Structures C1 and C2 are laid out differently. In C1, m_c is allocated in the back-padding of the B1 structure and therefore overwritten by the second memset (); this does not happen with C2.

Compilers used:

$ clang --version
Ubuntu clang version 3.3-16ubuntu1 (branches/release_33) (based on LLVM 3.3)
Target: x86_64-pc-linux-gnu
Thread model: posix

$ c++ --version
c++ (Ubuntu 4.8.2-19ubuntu1) 4.8.2
Copyright (C) 2013 Free Software Foundation, Inc.
This is free software; see the source for copying conditions.  There is NO
warranty; not even for MERCHANTABILITY or FITNESS FOR A PARTICULAR PURPOSE.

      

The same thing happens with the -m32 option (the output sizes will be different, obviously).

Both x86 and x86_64 versions of the Microsoft Visual Studio 2010 C ++ compiler do not have this problem (i.e. they structure C1 and C2 structures in the same way)

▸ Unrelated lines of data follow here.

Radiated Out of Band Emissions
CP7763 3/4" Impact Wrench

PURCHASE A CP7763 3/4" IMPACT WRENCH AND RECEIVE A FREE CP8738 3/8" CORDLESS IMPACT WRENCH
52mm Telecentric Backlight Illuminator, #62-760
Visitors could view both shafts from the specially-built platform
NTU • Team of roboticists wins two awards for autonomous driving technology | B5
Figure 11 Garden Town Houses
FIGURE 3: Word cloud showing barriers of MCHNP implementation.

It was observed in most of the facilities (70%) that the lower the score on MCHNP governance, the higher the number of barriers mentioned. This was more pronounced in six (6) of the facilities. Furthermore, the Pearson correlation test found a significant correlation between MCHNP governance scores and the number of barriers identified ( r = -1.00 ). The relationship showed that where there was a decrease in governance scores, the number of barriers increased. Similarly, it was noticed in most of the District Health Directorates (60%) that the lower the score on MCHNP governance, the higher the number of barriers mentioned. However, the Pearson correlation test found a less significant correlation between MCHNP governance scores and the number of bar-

If this is not a mistake by design, then my questions are:

  • What are the exact rules for allocating or not allocating derived struct fields in back-padding (e.g. why doesn't this happen with C2?)
  • is there a way to override this behavior with radio buttons / attributes (i.e. lay out just like MSVC)?

Thanks in advance.

Vladimir

+7


source to share


4 answers


For anyone who responds negatively to this question and the OP is cocky with righteous indignation about how awful UB his handwritten was memcpy

... please note that both libc ++ and libstdc ++ developers fall into the same pit. For the foreseeable future, it is actually very important to understand when the tail packing is reused and when it is not. Ok on OP for posing this question.

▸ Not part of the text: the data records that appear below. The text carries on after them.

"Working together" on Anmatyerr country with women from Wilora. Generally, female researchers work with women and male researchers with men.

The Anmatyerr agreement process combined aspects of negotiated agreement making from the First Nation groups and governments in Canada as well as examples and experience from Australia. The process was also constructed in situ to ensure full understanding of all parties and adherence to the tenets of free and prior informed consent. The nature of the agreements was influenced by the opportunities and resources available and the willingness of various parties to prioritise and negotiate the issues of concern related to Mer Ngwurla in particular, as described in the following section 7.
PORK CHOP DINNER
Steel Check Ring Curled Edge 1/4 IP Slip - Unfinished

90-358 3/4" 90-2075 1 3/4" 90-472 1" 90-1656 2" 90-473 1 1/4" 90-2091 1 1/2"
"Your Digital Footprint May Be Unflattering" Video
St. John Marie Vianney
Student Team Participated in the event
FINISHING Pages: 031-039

The Itanium ABI rules for structure markup are here . Corresponding wording

If D is the base class, update sizeof (C) to max (sizeof (C) offset (D) + nvsize (D)).

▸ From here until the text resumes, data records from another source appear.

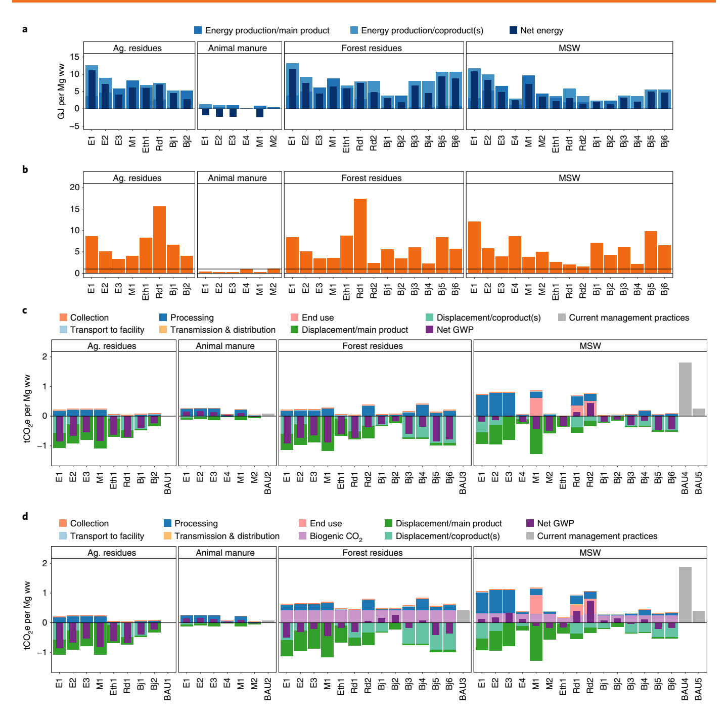
Fig. 1 | Energy, net energy and emissions from waste biomass utilization in the United States. a , Energy production and net energy by waste type and conversion pathway. b , Energy return on investment by waste type and conversion pathway (the horizontal line refers to an energy return on investment of 1). c , Life-cycle emissions when biogenic CO<sub>2</sub> is excluded. d , Life-cycle emissions when biogenic CO<sub>2</sub> is included. ww, wet weight. Electricity pathways: E1—CHP, E2—gasification + CHP, E3—integrated gasification combined cycle, E4—anaerobic digestion + CHP. Methane pathways: M1—gasification, M2—anaerobic digestion. Ethanol pathway: Eth1—enzymatic hydrolysis + fermentation. Renewable-diesel pathways: Rd1—gasification + FT synthesis, Rd2—pyrolysis + hydroprocessing. Bio jet fuel pathways: Bj1—alcohol-to-jet (ethanol), Bj2—sugar-to-jet (fermentation), Bj3—pyrolysis (in situ), Bj4—pyrolysis (ex situ), Bj5—HTL (in situ), Bj6—HTL (ex situ). Business-as-usual (BAU) practices: BAU1—left on field (agricultural residues), BAU2—direct land application (animal manure), BAU3—burning on site (forest residues), BAU4—landfilling without methane flaring or capture (MSW), BAU5—landfilling with 75% of methane capture and use for on-site CHP (MSW). See Table 1 for additional details of conversion pathways.

description in Table 1) and 29 waste feedstocks with spatially explicit estimates of waste potential for the United States. We find that the source of electricity consumed during processing and the environmental footprint of the displaced products are key in determining the best use of wastes and biomass residues. The utilization of all available wastes and residues in the contiguous United States can
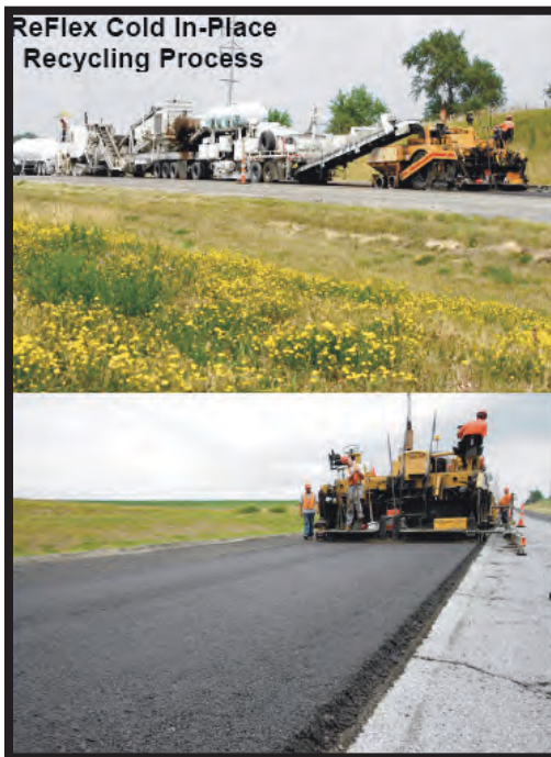
ReFlex Cold In-Place Recycling Process
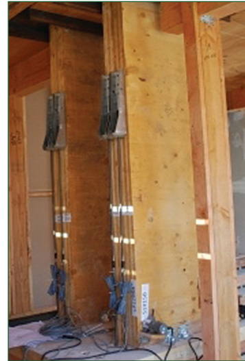
Figure 4. CLT repair option.
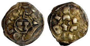
69 Medieval coin 16mm 0,66g
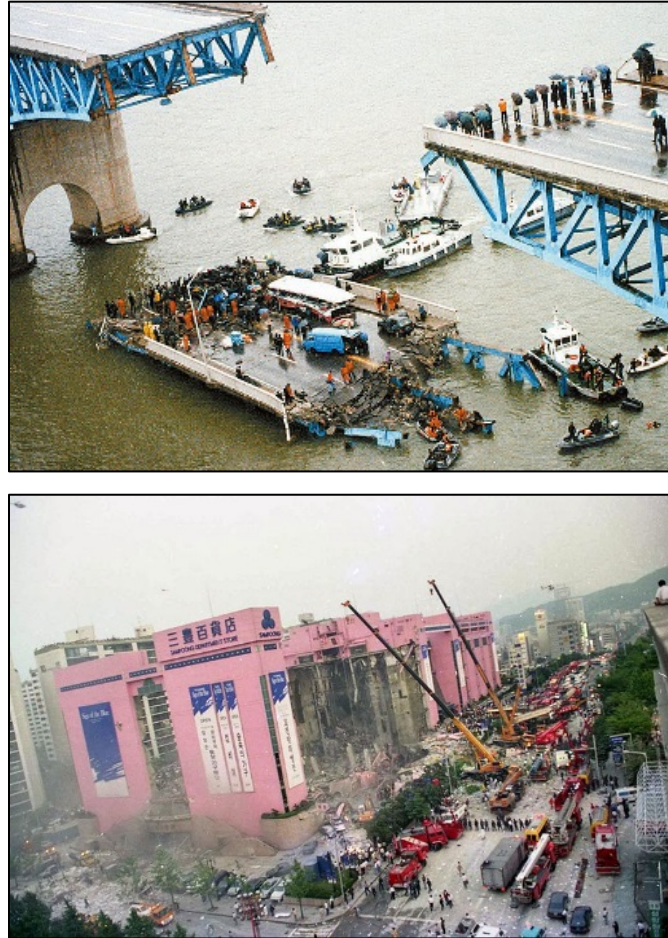
Figures 7a (top). Collapse of the Söngsu Bridge (1994). Source: Yonhap News Agency. Figure 7b (bottom). Collapse of the Samp'ung store (1995). Source: Yonhap News Agency.

being “inevitable” for a late-developing country, which provided fertile ground for corruption and other forms of misconduct. Korean developers of large-scale public building projects since the 1970s were also regularly involved in illegally shifting to inferior building materials after safety certifications had been issued. Bribing corrupt bureaucrats, who in return turned a blind eye to this practice and to the routine negligence of safety maintenance, was also commonplace among these developers. 16

Here "dsize, nvsize and nvalign [of POD types] are defined as their normal size and alignment", but nvsize of a non-POD type is defined as "not a virtual size of an object, which is O size with no virtual bases [and also no tail padding]. β€œSo if D is a POD, we never put anything in his tail pad; while if D is not POD, we are allowed to cram the next element (or base) into its tail.



Hence, any non-POD type (even trivially copyable!) Must consider the possibility that it has important data pasted into its tail. This usually violates the developers' assumptions about what is acceptable to do with trivially copyable types (namely, that you can trivially copy them).

Test case of Wandbox:

#include <algorithm>
#include <stdio.h>

struct A {
    int m_a;
};

struct B : A {
    int m_b1;
    char m_b2;
};

struct C : B {
    short m_c;
};

int main() {
    C c1 { 1, 2, 3, 4 };
    B& b1 = c1;
    B b2 { 5, 6, 7 };

    printf("before operator=: %d\n", int(c1.m_c));  // 4
    b1 = b2;
    printf("after operator=: %d\n", int(c1.m_c));  // 4

    printf("before std::copy: %d\n", int(c1.m_c));  // 4
    std::copy(&b2, &b2 + 1, &b1);
    printf("after std::copy: %d\n", int(c1.m_c));  // 64, or 0, or anything but 4
}

      

+4


source


Your code displays undefined behavior since C and C2 are not PODs and memcpying over random bits of their data is not allowed.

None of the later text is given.